Centre for Complexity Science, University of Warwick, Gibbet Hill Road, Coventry CV4 7AL, United Kingdom.
Mathematics Institute, University of Warwick, Gibbet Hill Road, Coventry CV4 7AL, United Kingdom.
Phys Rev E. 2017 Sep;96(3-1):032313. doi: 10.1103/PhysRevE.96.032313. Epub 2017 Sep 25.

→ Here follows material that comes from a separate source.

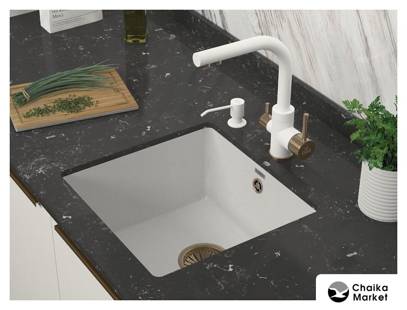 врезная на столешницу/врезная под столешницу/врезная вровень со столешницей, искусственный камень, размеры: 45x46 см, в шкаф 50 см

We study the dynamics of opinion formation in a heterogeneous voter model on a complete graph, in which each agent is endowed with an integer fitness parameter k≥0, in addition to its + or - opinion state. The evolution of the distribution of k-values and the opinion dynamics are coupled together, so as to allow the system to dynamically develop heterogeneity and memory in a simple way. When two agents with different opinions interact, their k-values are compared, and with probability p the agent with the lower value adopts the opinion of the one with the higher value, while with probability 1-p the opposite happens. The agent that keeps its opinion (winning agent) increments its k-value by one. We study the dynamics of the system in the entire 0≤p≤1 range and compare with the case p=1/2, in which opinions are decoupled from the k-values and the dynamics is equivalent to that of the standard voter model. When 0≤p<1/2, agents with higher k-values are less persuasive, and the system approaches exponentially fast to the consensus state of the initial majority opinion. The mean consensus time τ appears to grow logarithmically with the number of agents N, and it is greatly decreased relative to the linear behavior τ∼N found in the standard voter model. When 1/2<p≤1, agents with higher k-values are more persuasive, and the system initially relaxes to a state with an even coexistence of opinions, but eventually reaches consensus by finite-size fluctuations. The approach to the coexistence state is monotonic for 1/2<p<p_{o}≃0.8, while for p_{o}≤p≤1 there are damped oscillations around the coexistence value. The final approach to coexistence is approximately a power law t^{-b(p)} in both regimes, where the exponent b increases with p. Also, τ increases respect to the standard voter model, although it still scales linearly with N. The p=1 case is special, with a relaxation to coexistence that scales as t^{-2.73} and a consensus time that scales as τ∼N^{β}, with β≃1.45.
我们研究了完全图上异质投票者模型中意见形成的动力学,其中每个个体除了具有+或-意见状态外,还具有一个整数适应值参数 k≥0。k 值分布的演化和意见动态是耦合在一起的,因此可以以简单的方式使系统动态地发展出异质性和记忆。当具有不同意见的两个个体相互作用时,比较它们的 k 值,并且以概率 p 具有较低值的个体采用具有较高值的个体的意见,而以概率 1-p 则相反。保持意见(获胜个体)的个体将其 k 值增加 1。我们在整个 0≤p≤1 范围内研究系统的动力学,并与 p=1/2 的情况进行比较,在这种情况下,意见与 k 值解耦,动力学与标准投票者模型等效。当 0≤p<1/2 时,具有较高 k 值的个体的说服力较小,系统以指数速度快速接近初始多数意见的共识状态。共识时间 τ似乎与个体数量 N 呈对数增长,并且相对于标准投票者模型中发现的线性行为 τ∼N 大大减少。当 1/2<p≤1 时,具有较高 k 值的个体的说服力较大,系统最初松弛到意见共存的状态,但最终通过有限大小的波动达到共识。对于 1/2<p<p_{o}≃0.8,接近共存状态的过程是单调的,而对于 p_{o}≤p≤1,围绕共存值存在阻尼振荡。在这两种情况下,最终接近共存的过程大约是 t^{-b(p)}的幂律,其中指数 b 随 p 增加。此外,τ相对于标准投票者模型增加,尽管它仍然与 N 线性缩放。p=1 的情况很特殊,它具有与 t^{-2.73}的标度关系的松弛到共存的过程和与 τ∼N^{β}的标度关系的共识时间,其中β≃1.45。